L’esthétique évoque bien entendu ces étuis-bijoux popularisés par les garçonnes
dans les années 1930 lorsque, les femmes osant fumer et retoucher leur
maquillage en public, exhibaient fume-cigarettes en diamants et minaudières
pavées de pierres précieuses. En or ou en argent, les tubes de rouges à lèvres
tous rechargeables eux aussi, étaient signés Cartier, Van Cleef & Arpels,
Chaumet… Plus tard et jusqu’à l’avènement du plastique dans les années 1960,
les parfumeurs et les couturiers proposeront tous des collections dans des étuis
ultra-sophistiqués qu’il s’agisse de Coty ou d’Houbigant, de Jean Patou ou de
Lucien Lelong.
Christian Dior lancera lui-même, en 1953, une collection de six teintes à glisser
dans un tube doré et argenté. Si le rouge à lèvres cristallise à nouveau un luxe
cosmétique, c’est parce qu’il n’est pas qu’un simple maquillage de salle de bains
comme le mascara ou le fond de teint mais aussi un objet de sac presque
ostentatoire , continue Nicolas Gerlier.

Et les marques de soigner les fourreaux de ces accessoires devenus pour


beaucoup de consommatrices un premier accès au monde du luxe. Voir le Rouge
Hermès dessiné par Pierre Hardy (Rouge Hermès en édition limitée, 73 €) ou le
Rouge G de Guerlain imaginé par le joaillier Lorenz Bäumer (75 €).

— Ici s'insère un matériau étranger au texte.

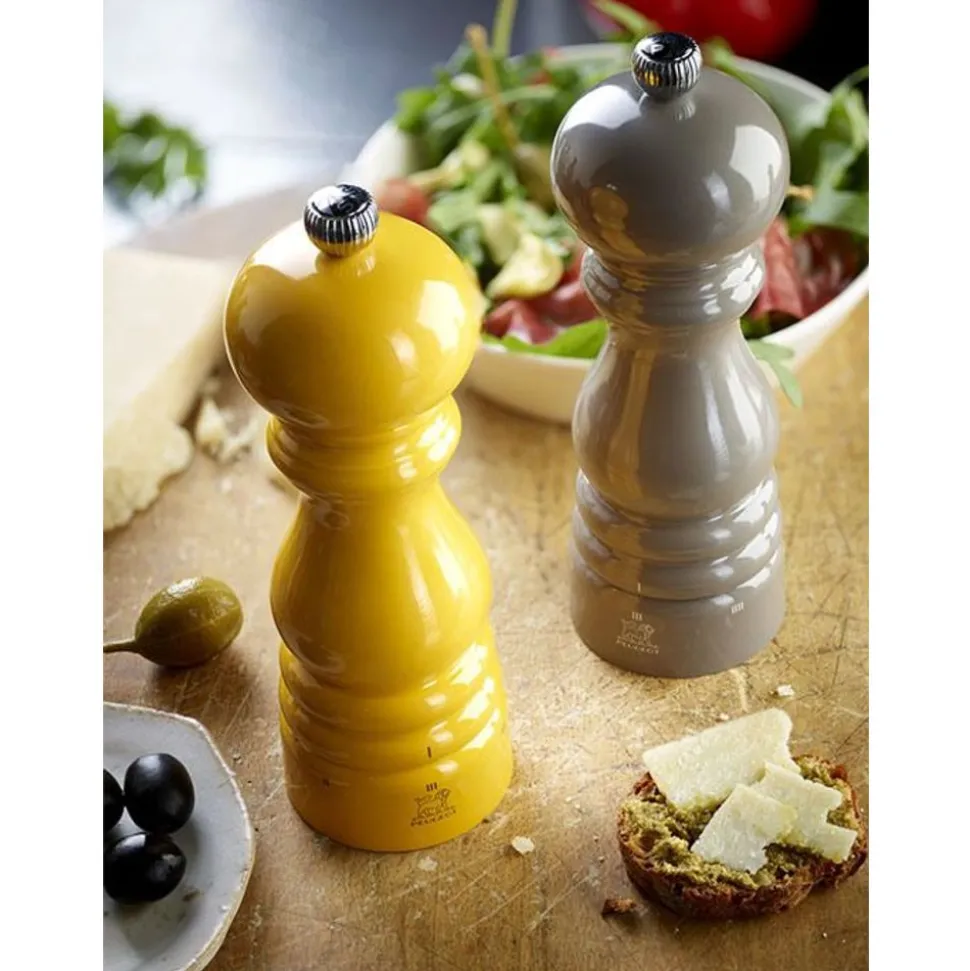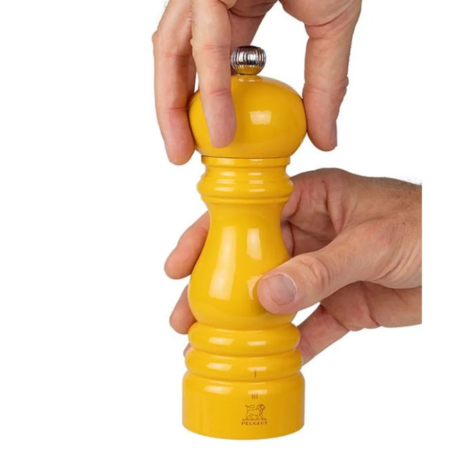 In 1987 riep Peugeot het model Paris in het leven, tot grote vreugde van chef-koks wereldwijd. Een tijdloos silhouet, feilloze ergonomie, duurzaamheid en straffe prestaties. Beter kunnen we deze iconische molen niet omschrijven. Met de collectie ParisRama tooit de Paris-molen met u’Select zich met de heerlijkste kleurtjes. Met zijn prachtige saffraangele afwerking betovert de 18 cm grote Paris-zoutmolen met u’Select tafel én smaakpapillen. Hij is niet alleen mooi maar zet ook straffe prestaties neer, met zijn systeem voor een precieze maalgraad en zijn stalen mechanisme met levenslange garantie. De Paris-molen met u’Select in saffraangeel zal je nog vele jaren gezelschap houden in de keuken en op tafel.
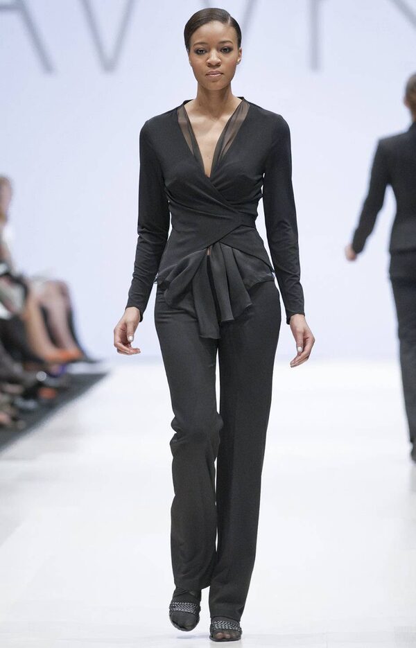 Earlier in the day, VAWK designer Sunny Fong also tried his hand at more-accessible fashion, introducing his label’s new sister collection called VAWKKIN, featuring tailored, office-ready separates worn on the runway by real women the designer cast using an open call.
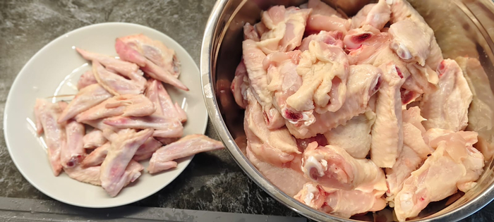 Разрубаю крылья на части. Фалангу последнюю откладываю. Сгодится на бульон
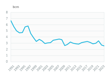 Natural gas production is negligible (around 10 mcm) and accounts for less than 1% of the domestic supply (2024). Imports have averaged 3 bcm/year since 2010, with a peak at 3.3 bcm in 2021, followed by two years of decline and a 5% hike to 2.7 bcm in 2024.
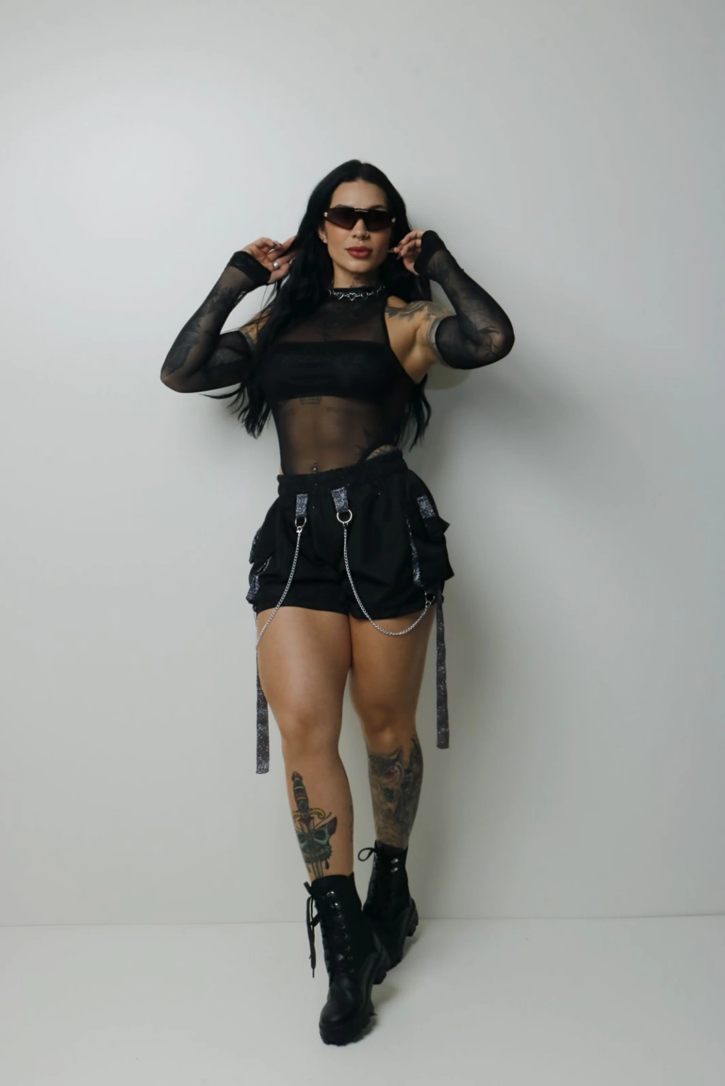 Short cargo com detalhes em correntes com refletivo.

«Aujourd’hui, l’extérieur compte tout autant que l’intérieur et la formule, confirme la


maquilleuse Gucci Westman, fondatrice de Westman Atelier qui a choisi de
présenter ses rouges sous la forme d’une palette chic plutôt qu’en raisin (Lip Suede
de Westman Atelier, 91 €). Je voulais que mes packagings soient aussi luxueux
que les ingrédients que j’avais choisis et je les ai conçus comme de véritables
bijoux que mes clientes aimeraient sortir de leur sac à main, regarder, toucher et
surtout garder. C’est aussi ça le vrai luxe.»